Configure estes campos:

microsoft entra ID 3-legged

  • Tipo de autenticação: Selecione OAuth 2.0.

  • Provedor OAuth: Selecione Azure AD.

  • Fluxo OAuth de 2 pernas: Mantenha este campo desabilitado.

  • Domínios autorizados: Deixe este campo vazio.

  • ID do cliente OAuth: Insira o ID do cliente do passo 1.

  • Segredo do cliente OAuth: Insira o segredo do cliente do passo 1.

  • URL de autorização OAuth: Substitua {{ SUBDOMAIN }} pelo ID do Diretório do passo 1.

  • URL do token OAuth: Substitua {{ SUBDOMAIN }} pelo ID do Diretório do passo 1.

  • URL de informações do usuário: Substitua {{ SUBDOMAIN }} pelo ID do Diretório do passo 1.

  • Testar conectividade: Clique para validar o token de autenticação.

4. Atribuir um perfil de segurança no API Manager

Para usar o perfil de segurança com uma API, siga as instruções para configurar uma API personalizada, serviço OData ou API proxy e selecione o perfil de segurança configurado com autenticação OAuth 2.0 do Microsoft Entra ID.

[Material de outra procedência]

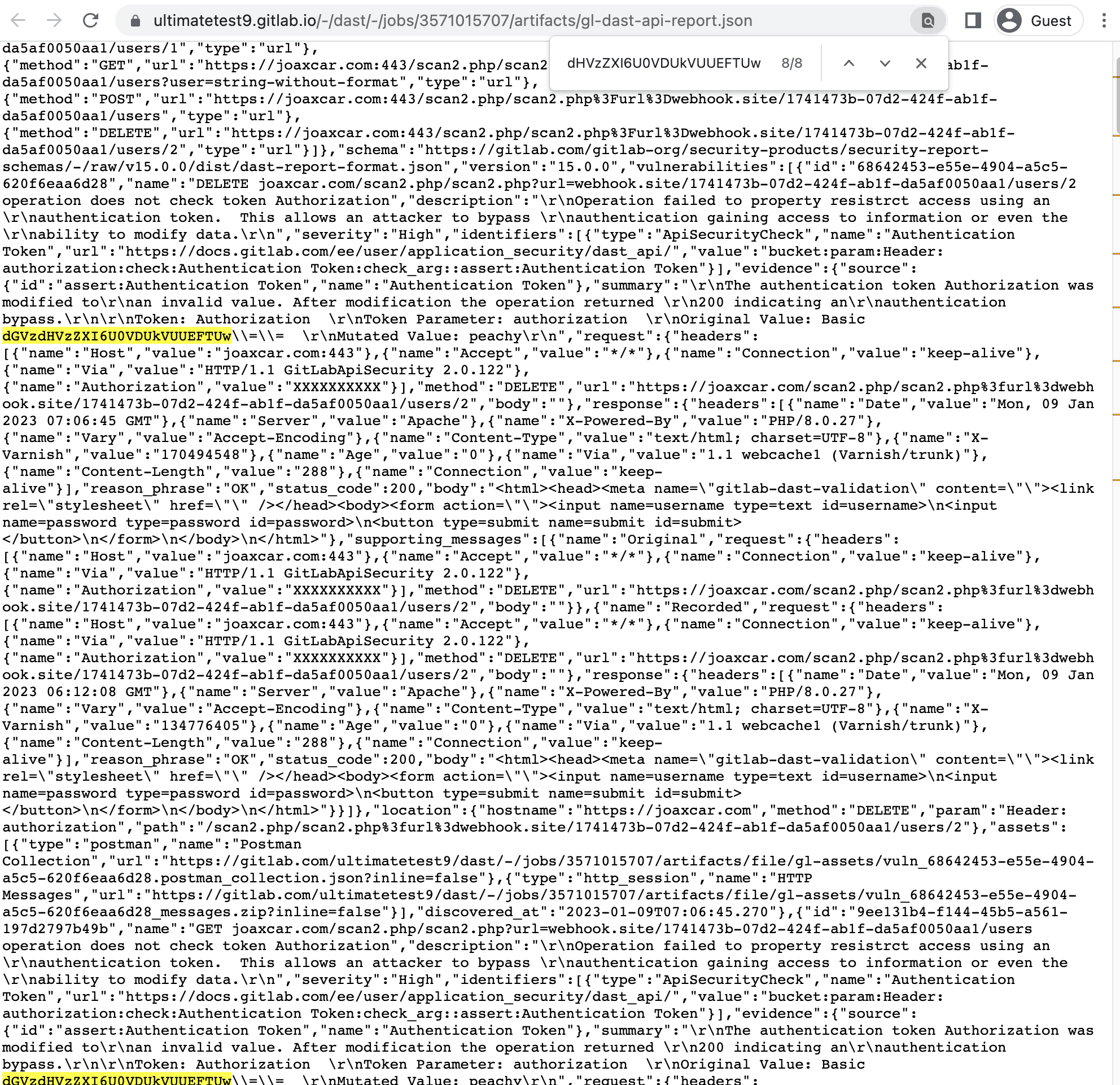- Open the gl-dast-api-report.json file and see that the logs contain the auth header.

5. Acessar uma API com autenticação do Microsoft Entra ID

Uma vez que você tenha salvo e publicado uma API personalizada, serviço OData ou API proxy, sua API é acessível por URL na aplicação que chama a API usando o método de autenticação configurado.

Para consumir a API, use o link para Copiar URL e utilize-o dentro da aplicação que faz a chamada:

copiar url

Se a API suportar GET, você também pode colar a URL em um navegador da web para consumir a API manualmente.

Quando o OAuth 2.0 de 3 etapas está sendo utilizado, o navegador redireciona para a interface de login nativa do Microsoft Entra ID. Forneça suas credenciais para autenticar-se com o Microsoft Entra ID.

Se a autenticação for bem-sucedida, a carga útil esperada é exibida no navegador da web.